Example Reusable Workflow: db_deploy.yaml
on:
workflow_call:
inputs:
JIRA_TICKET:
description: Jira Ticket
required: true
type: string
ENVIRONMENT:
description: Environment
required: true
type: string
jobs:
Oracle-Deploy:
runs-on: ubuntu-latest
steps:
– name: Checkout
uses: actions/checkout@v4
– name: Get JIRA Ticket Fields
uses: composite-repo/get-jira@v1
with:
jira_ticket: ${{ inputs.JIRA_TICKET }}
jira_user: ${{ secrets.JIRA_USER }}
jira_pass: ${{ secrets.JIRA_PASS }}
– name: Get DB Details
id: get-db
uses: composite-repo/get-db-details@v1
with:
environment: ${{ inputs.ENVIRONMENT }}
– name: DB Deployment
uses: composite-repo/db-deploy@v1
with:
dbhost: ${{ steps.get-db.outputs.dbhost }}
dbport: ${{ steps.get-db.outputs.dbport }}
dbuser: ${{ secrets.DB_USER }}
dbpass: ${{ secrets.DB_PASS }}
dbscripts: ${{ env.ARTIFACTS }}
Here’s how the reusable workflow above is used on a workflow.
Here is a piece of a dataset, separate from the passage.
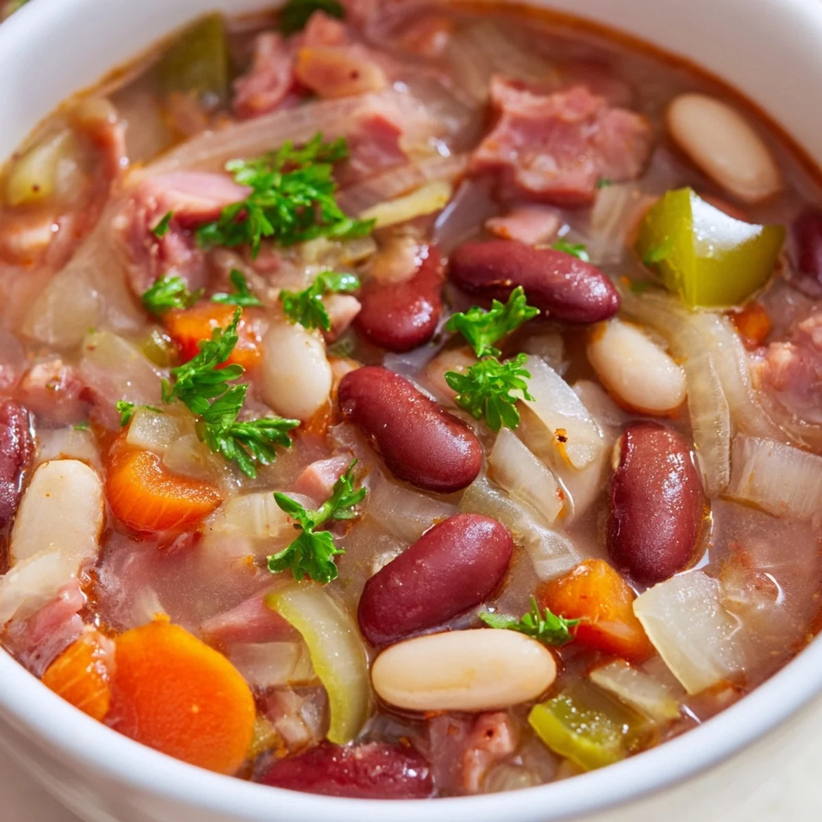This Creole-inspired bean soup combines creamy red and white beans with smoky diced turkey ham and fresh vegetables like onion, bell pepper, and carrots. Flavored with smoked paprika, thyme, and a hint of cayenne, it simmers gently to meld rich southern flavors. Ideal for a cozy, nutritious meal that’s both dairy- and gluten-free, it’s easy to prepare and perfect served with crusty bread or rice. Garnish with fresh parsley and hot sauce for an extra kick.

Since we have multiple deployments for multiple JIRA tickets, a reusable workflow is used on a job with matrix strategy.
Oracle_Deploy:
strategy:
matrix:
jira: ${{ fromJSON(needs.jobname.outputs.tickets) }}
uses: workflows-repo/.github/workflows/db_deploy.yaml@v1
with:
JIRA_TICKET: ${{ matrix.jira.ticket }}
ENVIRONMENT: ${{ matrix.jira.environment }}
Lessons Learned when creating Reusable Workflows: 🎉
Reusable workflows and composite actions are quite similar. Use reusable workflows to reuse an entire workflow with multiple jobs and steps, and use composite actions for small tasks that can be reused in a step.
Too much reuse can lead to complications. Package related steps and jobs only into one reusable workflow and, for other purposes, create a separate one.
Reusing of workflows is allowed up to 4 levels only. If your main workflow does not need to wait for the triggered reusable workflow to complete, you can use the github CLI gh workflow run <workflow name> on a step to trigger it using the workflow_dispatch event instead.
Conclusion
Composite Actions and Reusable Workflows can be used to avoid duplication and ease the migration from Jenkins to Github Actions.